9 мая. День был насыщен до предела. В 8 часов утра — митинг у памятника Ленину. На 5 вечера назначен огромный митинг в честь праздника Победы в одном из парков Калькутты, в 8 вечера — торжественный прием в Парк-отеле, организованный генконсульством. А в 10 утра я наконец вошел, хотя и не без трудностей, в «заколдованные» двери дома на Джорасанко, 6 — музея Рабиндраната Тагора.

9 мая — день рождения Р. Тагора. В этот день тысячи людей, молодых и старых, приходят сюда и старый дом подвергается ужасному испытанию, после которого оправляется целый год. В этот день длинная очередь ожидающих тянется через двор и уходит куда-то в перспективу Читпур-роуд. Многие часы люди стоят под палящим солнцем, терпеливо, без брани и неудовольствия, чтобы попасть в заветный дом.

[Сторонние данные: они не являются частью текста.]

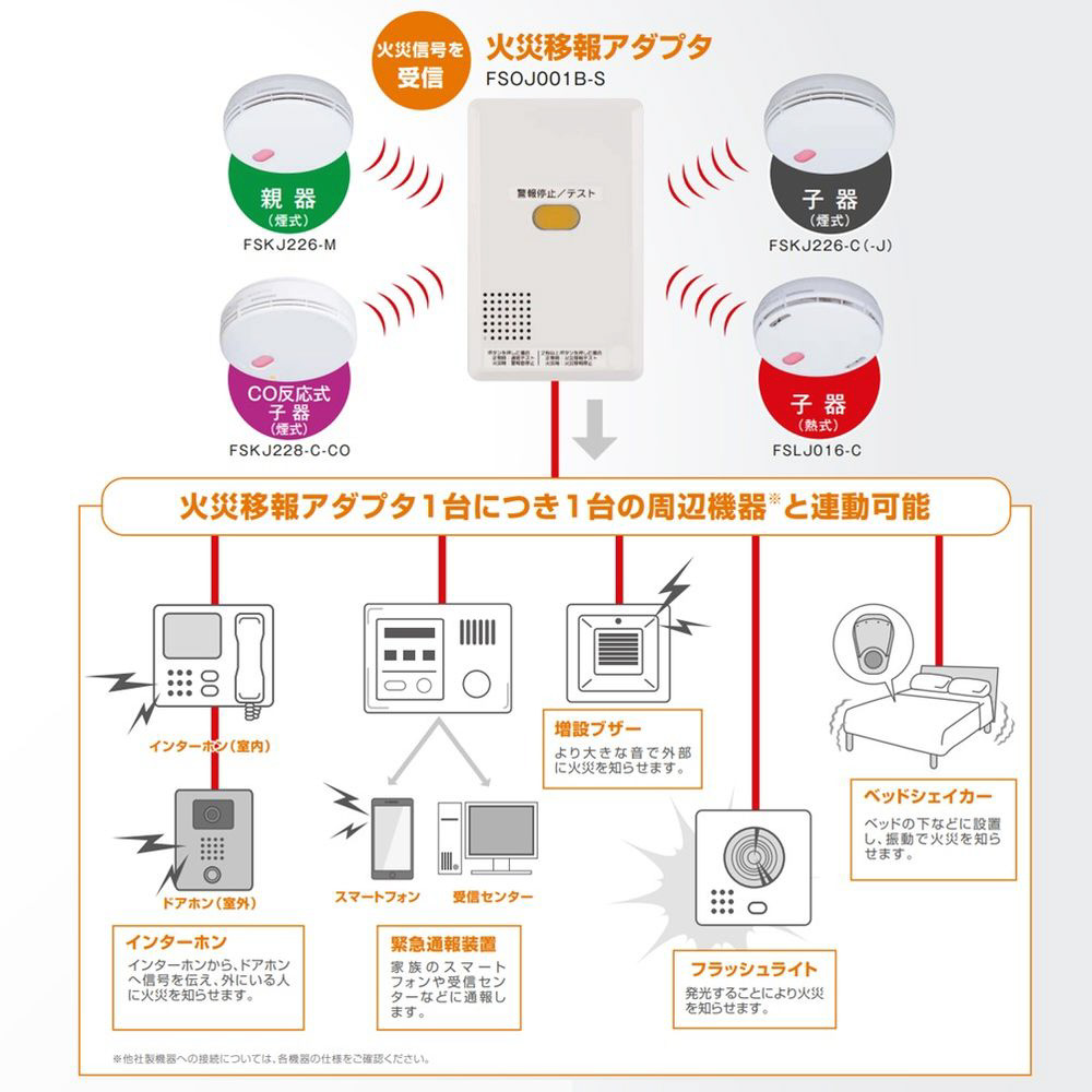 ●連動可能警報器:FSKJ226シリーズ/FSLJ016-C、FSKJ228-C-CO、FSKJ223シリーズ/FSLJ013-C、FSKJ218(A)シリーズ/FSLJ008(A)-Cなど

А день сегодня был ужасный, самый жаркий за последние 50 лет: +43 градуса — температура для Калькутты с ее вечной водяной и паровой «подушкой» несвойственная. Наша маленькая делегация, включавшая гостя из Москвы — вице-президента ОСИД[17], заместителя директора Института им. Склифосовского А. П. Кузьмичева, стояла во дворе недолго: минут через 40 нас пожалели и впустили внутрь, причем втиснулись мы с огромным трудом, потому что плотность толпы, которую мы преодолевали, сравнима была разве что с московским трамваем в часы пик.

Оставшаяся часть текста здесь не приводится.